Woster: We didn't know how good we had it


Sometimes when the dishes from the evening meal are put away and I’m on the front step watching the sun set over the river bluffs, I wistfully remember being a young boy with no worries but whether I’d get chosen for the pickup game of baseball on the vacant lot in my old neighborhood.

I spend too much time these days reading news sites and social media comments, so I sometimes forget how carefree my young days were here in the middle of South Dakota. My older son, usually when he was leafing through albums of family photographs, used to look at pictures of himself playing backyard games with his friends and say, “We didn’t know how good we had it.” I didn’t either, when I was a kid. I have a hunch that’s true of many grownups.

My young world changed a lot when, before the start of my third grade year, the family moved to Chamberlain. We still owned the farm. My dad still drove the 18 or so miles to work every day. My big brother and I still accompanied him on many weekends. But from about Labor Day to Memorial Day, the family lived in town. Instead of being driven eight miles from the farm to school in Reliance. I could walk five blocks from the house to grade school in Chamberlain.

The change was much more than just being able to walk to school. Living in town meant that after class and on weekends when I wasn’t needed at the farm, I could play with some of my classmates who lived in our neighborhood on the south side of town. Think of that. Instead of going home to the farm and trying to persuade my big brother or my dad to hit pop flies or shoot baskets after supper, I could plan the rest of the day with the guys who shared the walk home on our side of town.

When I look back, I recall how old Highway 16 informally but firmly divided the town for purposes of after-school or weekend play. Kids who lived north of the highway tended to organize their own games and outings. Those of us south of the highway did the same. As we grew older, of course, the two sides merged more and more often. In the grade school days, though, the division was pretty definite.


On our side of town, the go-to place for fun was a vacant lot below Novak’s house, just across the street from where the swimming pool is located these days. We played hours and hours of informal baseball, sometimes with only five or six kids, sometimes with a dozen or more. We made up games to fit the number of kids who showed up, used flat rocks and pieces of wooden plank for bases and played until Mick Nova’s mom yelled from her back door that it was suppertime or to call it a day.

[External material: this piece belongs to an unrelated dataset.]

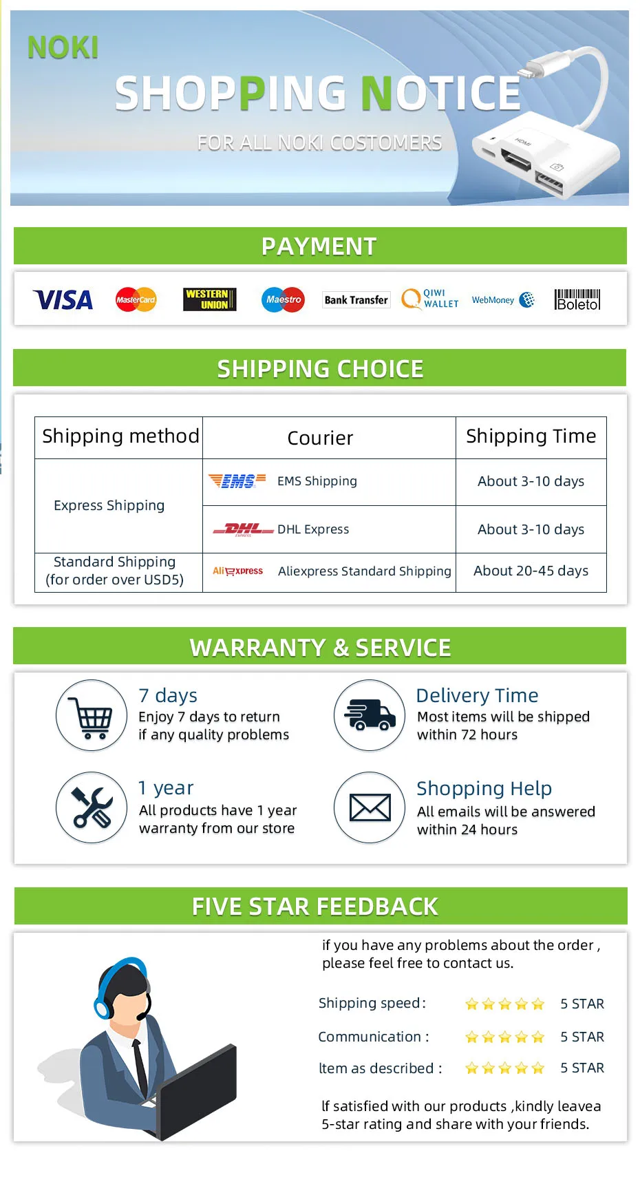 Adaptador de carga y audio para iPhone 1*3 en 1, nuestro servicio amable, garantía de 1 año y garantía de devolución de dinero de 45 días. Si tiene alguna pregunta sobre el divisor de auriculares, no dude en ponerse en contacto con nosotros.

On weekends when we played all-day games at the lot, we’d drop the baseball, bats and gloves wherever we had been playing and run for lunch, confident the equipment would be there when we returned and knowing we’d be able to remember where we’d left off by where our glove or bat lay.

If we tired of baseball, we could grab a basketball and play pickup games at the hoop affixed to the back roof of Marsh’s garage. It didn’t look like much, but the playing surface was flat and 10 feet from the rim. It dried quickly after a rain. I was told some years ago that the owner of the court mixed the dirt with other chemicals to create that surface, specifically so kids in town would be able to play there as often as possible.

We made a lot of noise, both there and on the vacant lot with the makeshift baseball diamond. I don’t recall any neighbors complaining. I guess they understood that kids having a good time make noise. They treated the whole bunch of us as if we were their own children.

That might have been the coolest part about being a kid in those days.